On Thursday Lyft announced that it has increased its share buyback program by $750m, while exceeding Wall Street expectations for its Q1 adjusted earnings. The announcement sent shares up nearly 8% in after-hours trading.
A clear strategy
The ride-hailing company, which is aggressively expanding beyond major US cities, plans to use $500m of this authorization over the next 12 months. Lyft unveiled an initial buyback program in February, but did not specify a timeline.
The decision comes as activist investor Engine Capital recently urged the company to accelerate its buybacks to $750m and consider strategic options, including a sale. "The buyback reduces the number of shares outstanding and makes earnings per share more attractive," said Andrew Rocco, strategist at Zacks Investment Research.
Lyft reported a 13.5% increase in Q1 revenue to $1.45bn, slightly below the consensus estimate of $1.47bn according to LSEG. However, adjusted EPS came in at 24 cents, exceeding forecasts of 19 cents.
Markets to watch
While its main competitor Uber presented an encouraging outlook for Q2 on Wednesday, despite weaker demand in the United States, both groups are now focusing their efforts on secondary markets: medium-sized cities that are heavily dependent on private cars, which have limited public transport networks.
Lyft highlighted a 37% increase in rides in Indianapolis over the quarter, illustrating its strategy of conquering underserved markets. The company is also testing a taxi booking service in St. Louis and last month announced the acquisition of European company Freenow for approximately $200m, signaling its international ambitions.

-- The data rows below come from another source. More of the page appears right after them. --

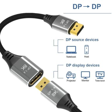NÖRDIC 50 cm Displayport 1.4 jatkokaapeli UHD 8K60Hz 4K144Hz 32.4Gbps 10-bittinen HDR
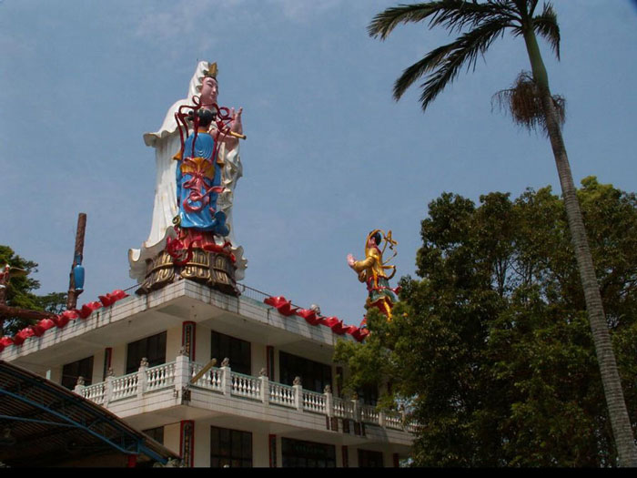 在蜿蜒迂回的山路行进,到处可以看见为庆祝观音菩萨开光而来的人潮,由于山路新铺上柏油,车行十分顺利。从山下至“乐善堂”约在廿分钟车程。
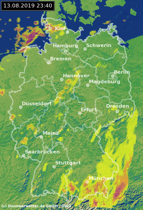 Radarbild von Dienstag, 13.08.2019 um 23.40 Uhr
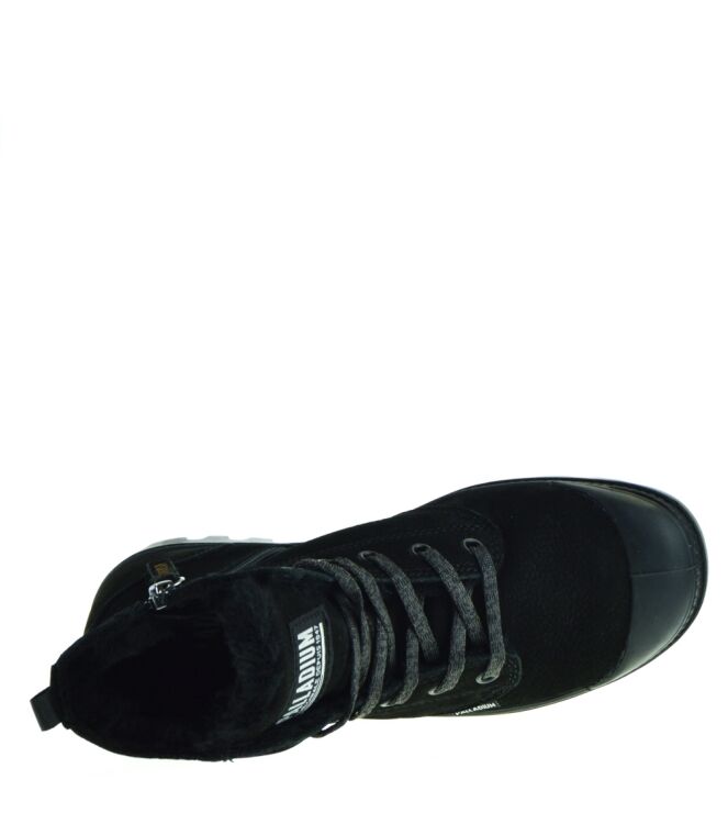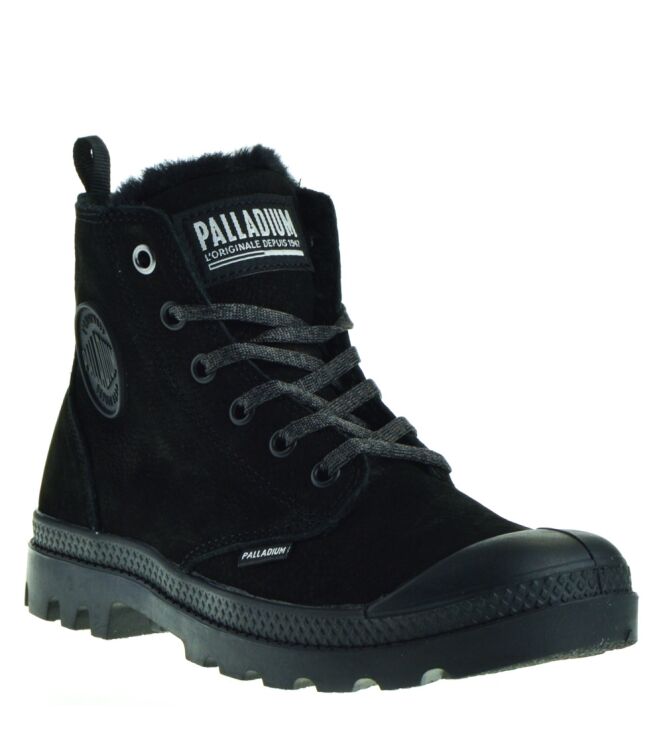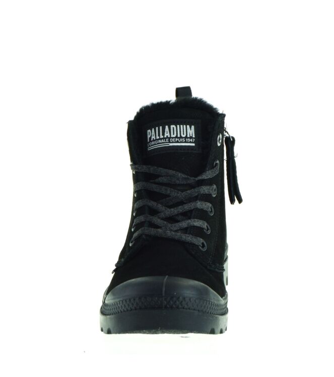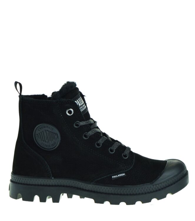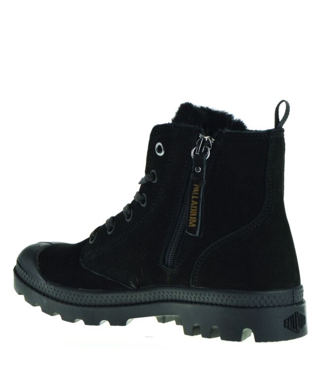 Palladium Pampa Hi Zip 95982 dames boots gevoerd zwart suede. De binnenzool van deze hoge veterbooty in zwart is uitneembaar. De schoen is gemaakt van stof en de binnenvoering is gemaakt van immitatie Wol.
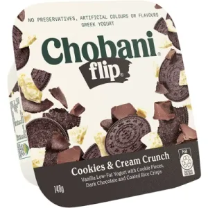 Cookies and cream flavored yogurt offers a creamy base contrasted by crunchy cookie pieces, typically used as a snack, portable breakfast, or quick dessert; reviewers commonly note satisfying texture contrast and convenient portioning, while some report inconsistent distribution of crunchy pieces and occasional loss of crunch after refrigerated storage period.
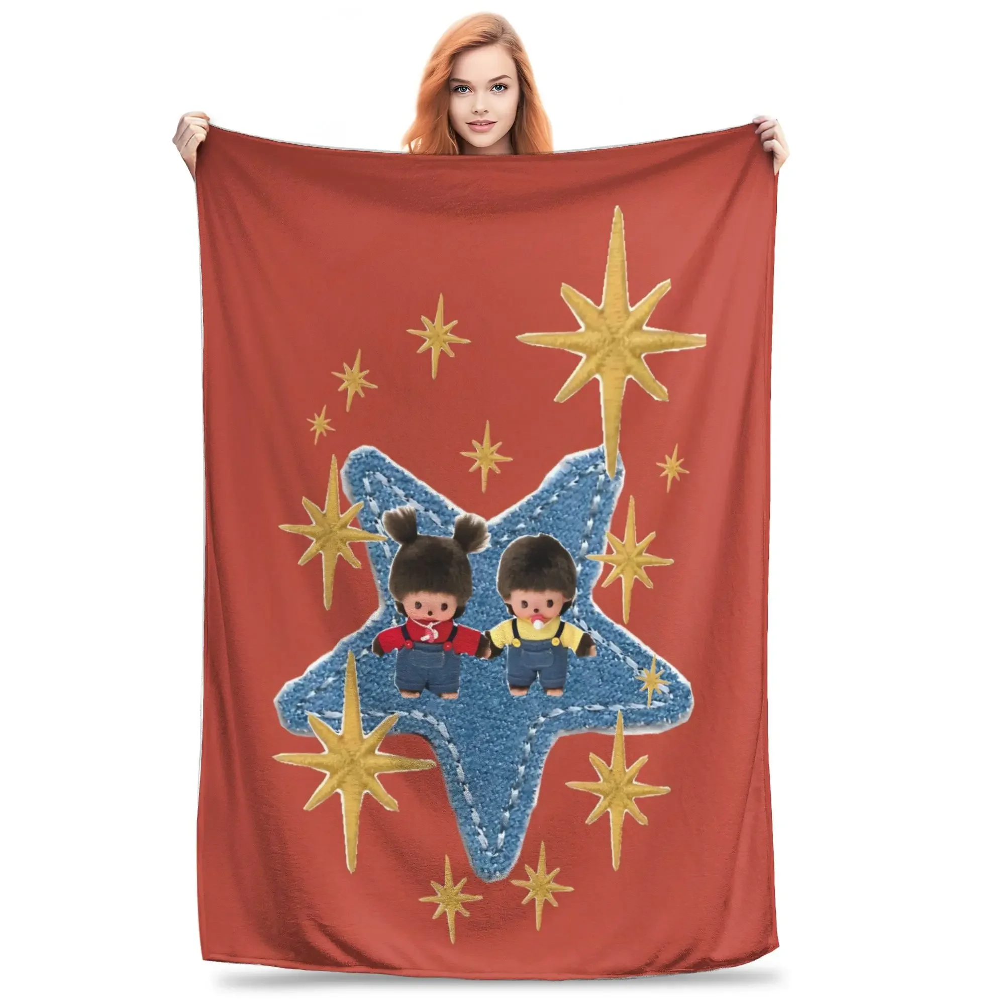 Monchhichis Calda coperta in peluche per studenti Comodo copriletto in flanella perfetto per divano letto e uso esterno
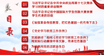 郑晓婷同志带领全体党员共同学习了《习近平总书记在中共中央政治局第十七次集体学习时的重要讲话精神》。胡艳琳同志领学《习近平总书记给中国国际老员工创新大赛参赛员工代表的回信》以及习近平同志《论教育》中的《加强革命传统教育,把红色基因一代代传下去》。党员们纷纷表示,要牢记习近平总书记的嘱托,不断提升自己的创新能力和综合素质;要自觉传承红色基因,弘扬革命精神,为实现中华民族伟大复兴的中国梦贡献自己的力量。
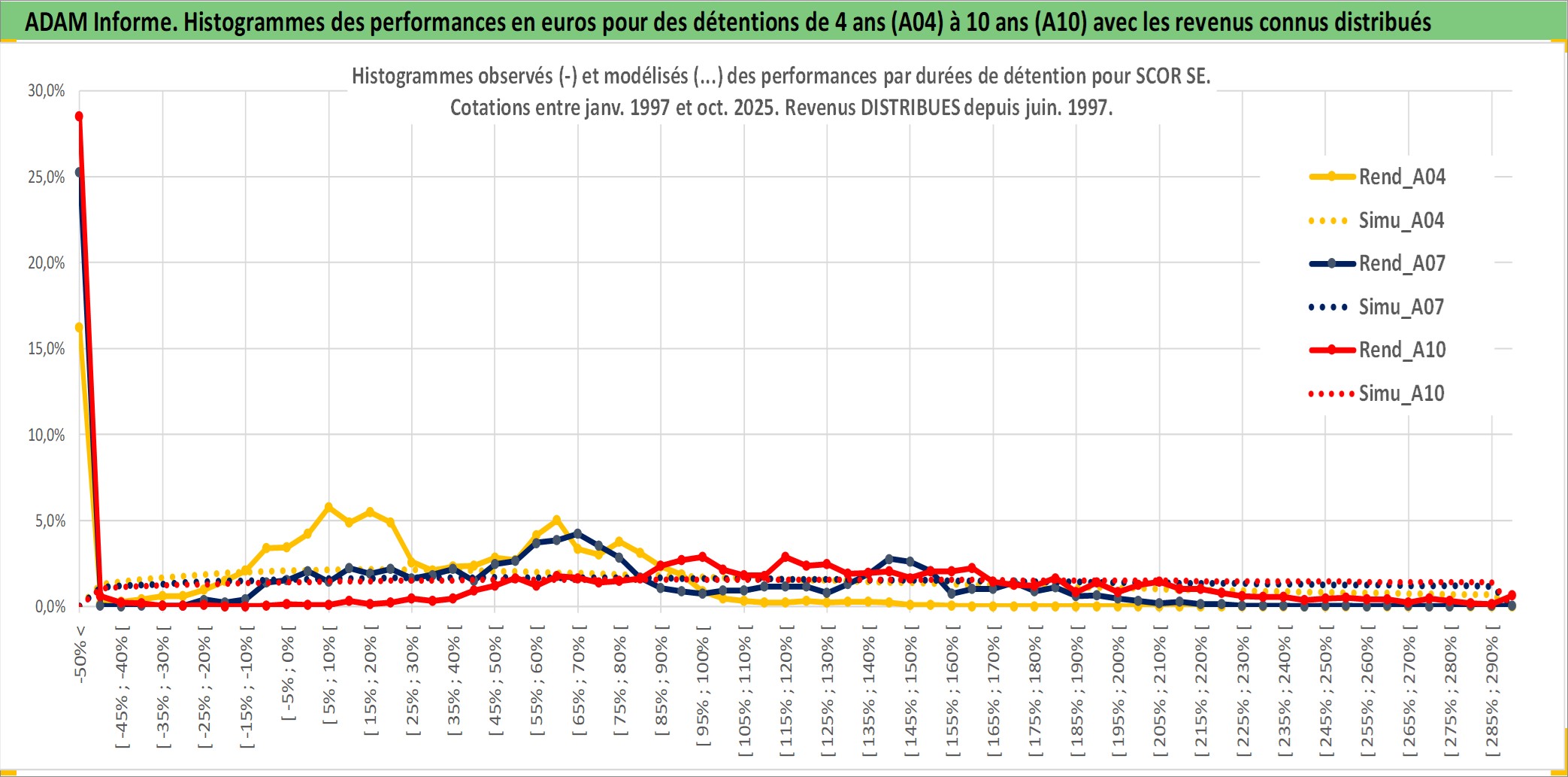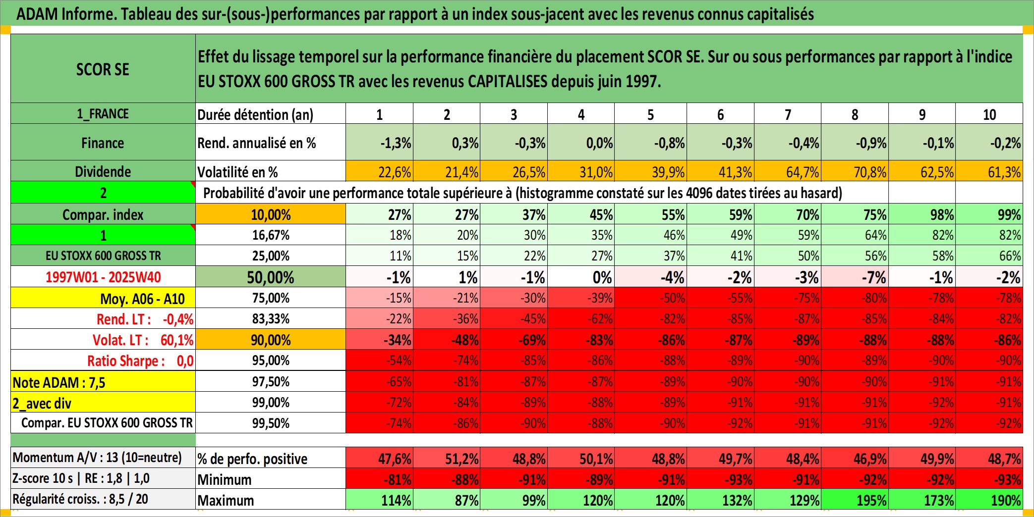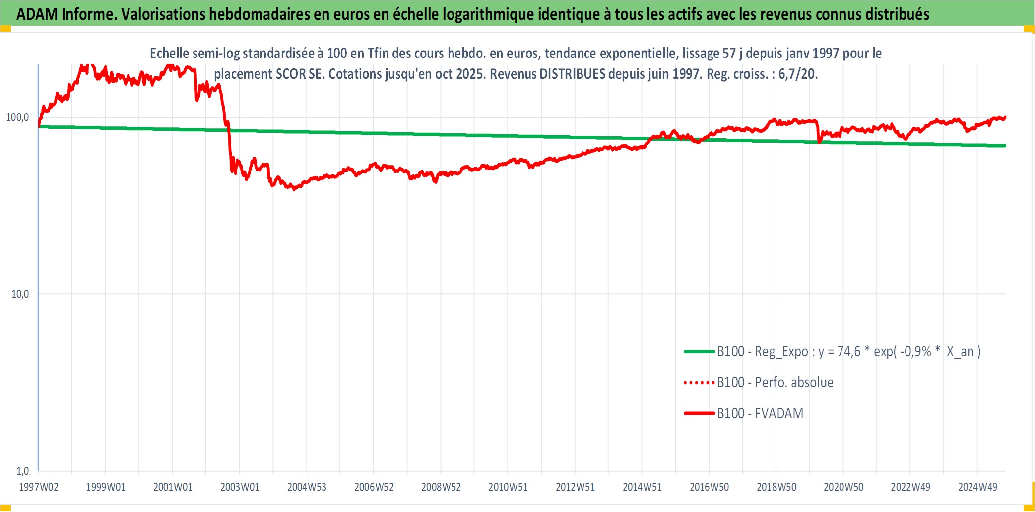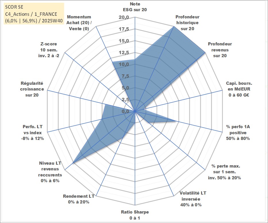 Site dédié aux investisseursPage dédiée sur site financeAnalyse des valorisations hebdomadaires de l'action SCOR SE. Cet actif est cote en EUR. Les valorisations couvrent les semaines 1997W01 a 2025W40. Les revenus de cet actif financier sont pris en compte depuis la semaine 1997W23. La note globale ESG de cet actif est estimee a 11.0 (apres rebasage entre 0 et 20).

"Building on our strong foothold in key markets, we are now turning our attention to regions with high car dependency and low public transportation density, which offer significant growth potential," Lyft said.
For Q2, the company expects gross bookings of $4.41bn to $4.57bn, in line with the estimate of $4.5bn. It also anticipates adjusted EBITDA of between $115m and $130m, in line with the consensus.